Four Steps To Proper Color Matching During Panel Installation

scott-moffattBy Scott Moffatt, PPG

This article is the fifth in a series of five articles intended to help architects and other building professionals more effectively color-match architectural metal coatings so that:

1. Building components arrive on the job site coated in the colors specified; and

2. Components produced by different coatings applicators appear as a coordinated whole when installed together on a building.

This article details four steps for proper color matching during panel installation. Click on the following links to read the previous articles in this series: Part 1, Part 2Part 3 and Part 4.

Panel Matching and Directionality

The two images above show panels cut from same piece, some positioned against grain, as well as panels from the same batch-and-run oriented in different directions. The presence of micas and metallics will exaggerate these color differences. To download a complete guide on color-matching metal panels for initial paint application through final installation on the building, visit

Even when the variables covered in the first four articles of this series are monitored closely, problems can still arise when metal panels are installed that result in a checkerboard appearance. In fact, such problems are more likely to occur during installation than during any other part of the process.

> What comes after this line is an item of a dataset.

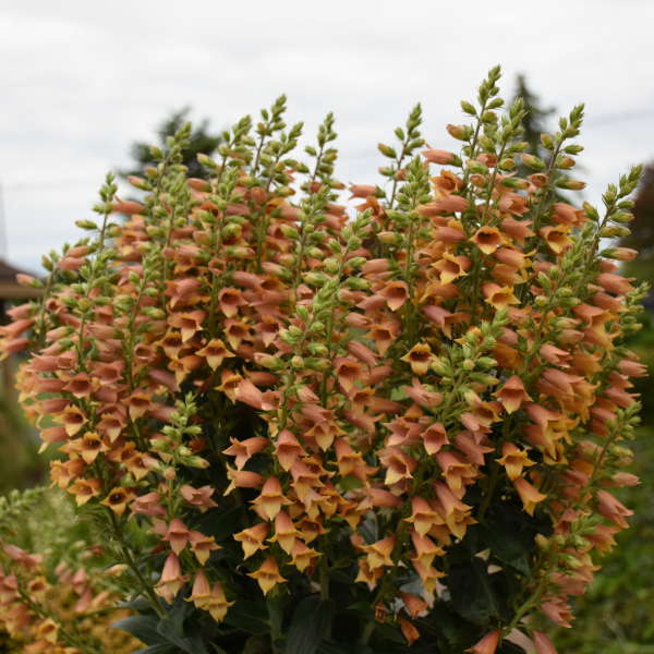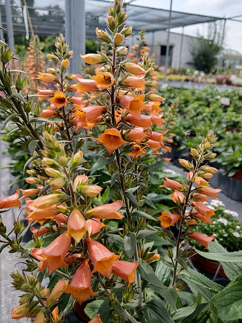 Vyššia trvalka so zvončekovitými kvetmi v oranžových tónoch.

In most instances, the primary failure is “directionality.” A single panel coated with the same paint may be cut into six different pieces prior to installation. If one or more of the pieces is oriented in the wrong direction, the pattern of the entire panel can be disrupted.

This effect can be greatly exaggerated in panels and extrusions coated with micas and/or metallics. That’s because the pigments and flakes on a given panel (or collection of panels) will lay in a certain direction. If these panels are cut and laid “opposite to the grain,” the color will appear incongruent.

For this reason, proper panel directionality during installation is essential. Here are four steps architects and contractors can take to help ensure good panel matching:

1. Instruct the fabricator of any coil coated panels to marks each unit with a directional marking, typically an arrow. This will help the installer orient the panels properly when they are being attached to the building.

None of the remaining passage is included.